Thanks Michael, I forgot to take it.

(In reply to Neil Rickert from comment #6)
> > Did you regenerate the initrd after changing the crypttab file (dracut -f)?
> 
> I did not change "crypttab".  It is still the same as at install.
> 
> > What's the output of:
> 
> > # lsinitrd -f etc/crypttab
> 
> I just get empty output.  It seems that "crypttab" is not in the initrd.  I
> guess that's the problem.  Regenerating the "initrd" with "mkinitrd" does
> not change that.

I missed one thing: the system cannot hibernate/suspend using a swap partition encrypted with a volatile random key. So, dracut is not failing because the initrd should not contain its crypttab entry. But, the installer should not add a resume= parameter to the grub command line in this case. I cannot reproduce it with Leap 15.4 Build208.2, so I must assume that the installer issue is already fixed.

(In reply to Neil Rickert from comment #1)
> I just tried a test install of Tumbleweed 20220404
> 
> I set it up the same way (with randomly encrypted swap).
> 
> Tumbleweed boots up fine this way.  So the problem may be limited to Leap
> 15.4

Indeed.

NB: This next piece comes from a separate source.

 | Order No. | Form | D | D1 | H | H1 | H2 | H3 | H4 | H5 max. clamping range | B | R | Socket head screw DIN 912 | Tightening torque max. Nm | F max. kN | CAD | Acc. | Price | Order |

I cannot reproduce it with TW.


Thanks to this bug report we found a couple of issues related to the inclusion of the dracut resume module:
- The resume module is being added even if there is not any suitable swap.
- The sanity check of the resume module can be improved by verifying if the kernel command line contains a resume= argument pointing to a volatile swap.

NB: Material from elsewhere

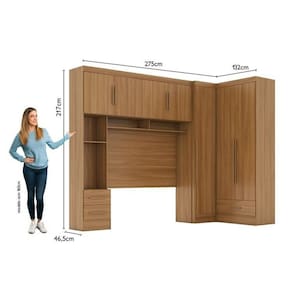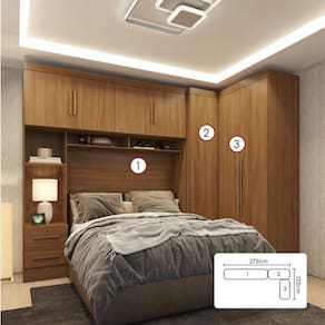 1x Módulo Closet Smart Aéreo com Criado 2 Gavetas com Maleiro Cinamomo Largura: 185.6 Altura: 217 Peso: 64.75 Profundidade: 40 Necessita Montagem: Sim
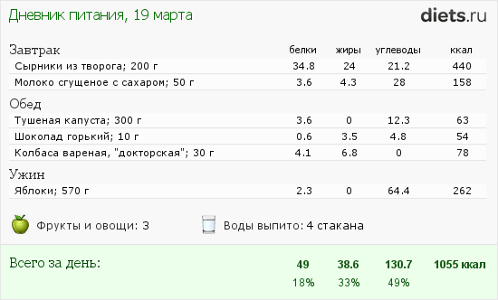 остальное углеводы (их должно быть не менее 40 % от всего рациона, лучше 50-60%

TW PR: https://github.com/openSUSE/dracut/pull/171
Comment 10 Neil Rickert 2022-04-11 18:59:31 UTC
Created attachment 858046 [details]
Yast logs from an install of Build208.2 (Leap 15.4 Beta)

>I cannot reproduce
>it with Leap 15.4 Build208.2, so I must assume that the installer issue is
>already fixed.

No, the installer is not fixed.  I did test this with Build208.2.

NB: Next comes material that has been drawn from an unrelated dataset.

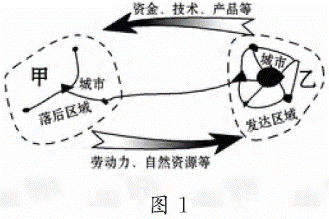 本题解析:小题1:由图中可知发达地区向落后地区输出资金、技术和产品,落后地区向发达地区输出劳动力和自然资源,两个区域之间相互联系,相互影响。

I just did another test, again with Build208.2.  And again, the problem occurred.  My install took the defaults for booting, and these included the "resume=" parameter.  I am attaching the Yast logs for this install.
Comment 11 Antonio Feijoo 2022-04-12 06:31:08 UTC
(In reply to Neil Rickert from comment #10)
> Created attachment 858046 [details]
> Yast logs from an install of Build208.2 (Leap 15.4 Beta)
> 
> >I cannot reproduce
> >it with Leap 15.4 Build208.2, so I must assume that the installer issue is
> >already fixed.
> 
> No, the installer is not fixed.  I did test this with Build208.2.
> 
> I just did another test, again with Build208.2.  And again, the problem
> occurred.  My install took the defaults for booting, and these included the
> "resume=" parameter.  I am attaching the Yast logs for this install.

I can't find any reference to resume=/dev/mapper/cr_swap on the kernel command line by searching the YaST logs... Anyway, there is no dracut issue here, I'll pass this bug to the YaST team so they can verify if the installer part is solved and close it.